Complete Automation Example
Here is the entire script from start to finish. You can copy, paste, and run this in a single file. Change the order_id_to_check to see different results.
import anthropic
# 1. CONFIGURE THE CLIENT
client = anthropic.Anthropic(api_key="YOUR_API_KEY")
# 2. DEFINE YOUR FUNCTION AND TOOL
FAKE_ORDER_DB = {
"ABC-123": {"status": "Shipped", "tracking_number": "TN987654321"},
"DEF-456": {"status": "Processing", "expected_ship_date": "2024-08-15"},
}
def get_order_status(order_id):
print(f"--- LOG: Calling our real database for order {order_id}... ---")
return FAKE_ORDER_DB.get(order_id, {"status": "Not Found"})
order_status_tool = {
"name": "get_order_status",
"description": "Get the status of a customer's order.
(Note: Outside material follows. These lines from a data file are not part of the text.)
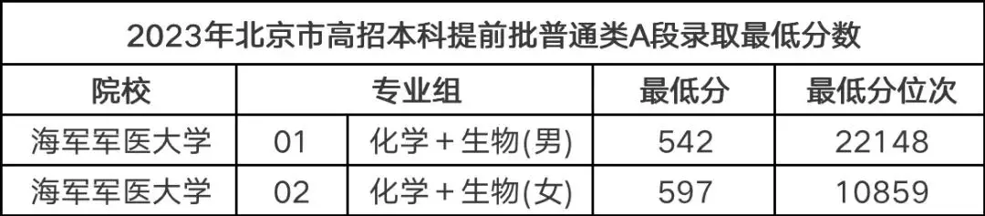 2023年海军军医大学在北京市本科提前批专业01组化学+生物(男)的最低录取分数为542分,最低分位次为22148名;专业组02组化学+生物(女)的最低录取录取分数为597分,最低分位次为10859名。
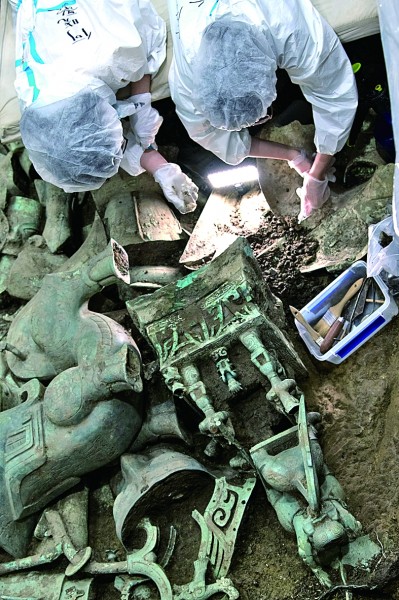 “目前已經(jīng)清理青銅器77件,玉石器120件,金器44件,象牙678根(段),象牙雕刻殘件46件?!彼拇ㄊ∥奈锟脊叛芯吭嚎偣こ處熤x振斌說(shuō),隨著考古現(xiàn)場(chǎng)發(fā)掘的進(jìn)行,出土文物的清理和保護(hù)、研究等工作也在推進(jìn)。
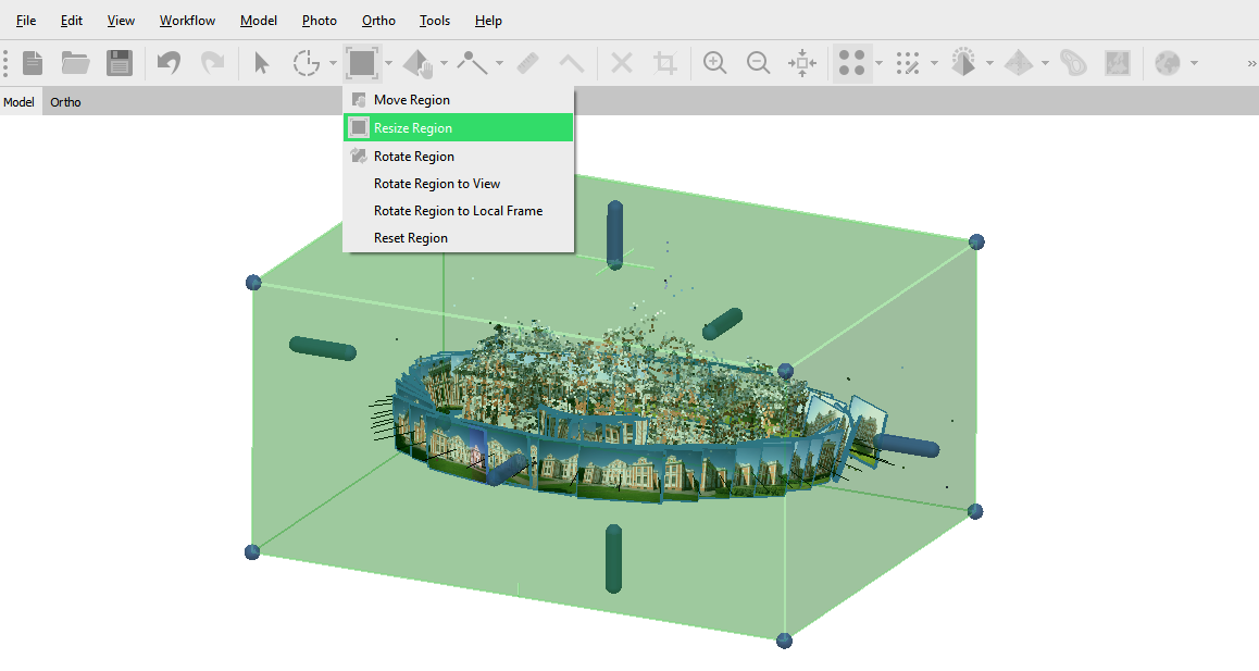 This step is optional since Metashape calculates bounding box dimensions, orientation and location automatically. But it is recommended to check if any correction is needed because further reconstruction step deals only with the data inside the volume. Bounding box can be resized, moved and rotated with the help Resize Region, Move Region, and Rotate Region tool:

Use this for any questions about order status, tracking, or delivery.",
"input_schema": {
"type": "object",
"properties": {
"order_id": {"type": "string", "description": "The order ID, e.g., ABC-123"}
},
"required": ["order_id"]
}
}
# 3. KICK OFF THE WORKFLOW
user_message = "what is the status of my order DEF-456?"
print(f"User: {user_message}")
# First call to Claude: Let it decide to use the tool
initial_response = client.messages.create(
model="claude-3-5-sonnet-20240620",
max_tokens=1024,
messages=[{"role": "user", "content": user_message}],
tools=[order_status_tool]
)
# 4. HANDLE THE TOOL USE
if initial_response.stop_reason == "tool_use":
tool_call = next(block for block in initial_response.content if block.type == 'tool_use')
tool_name = tool_call.name
tool_input = tool_call.input
tool_use_id = tool_call.id
print(f"Claude wants to run '{tool_name}' with input {tool_input}")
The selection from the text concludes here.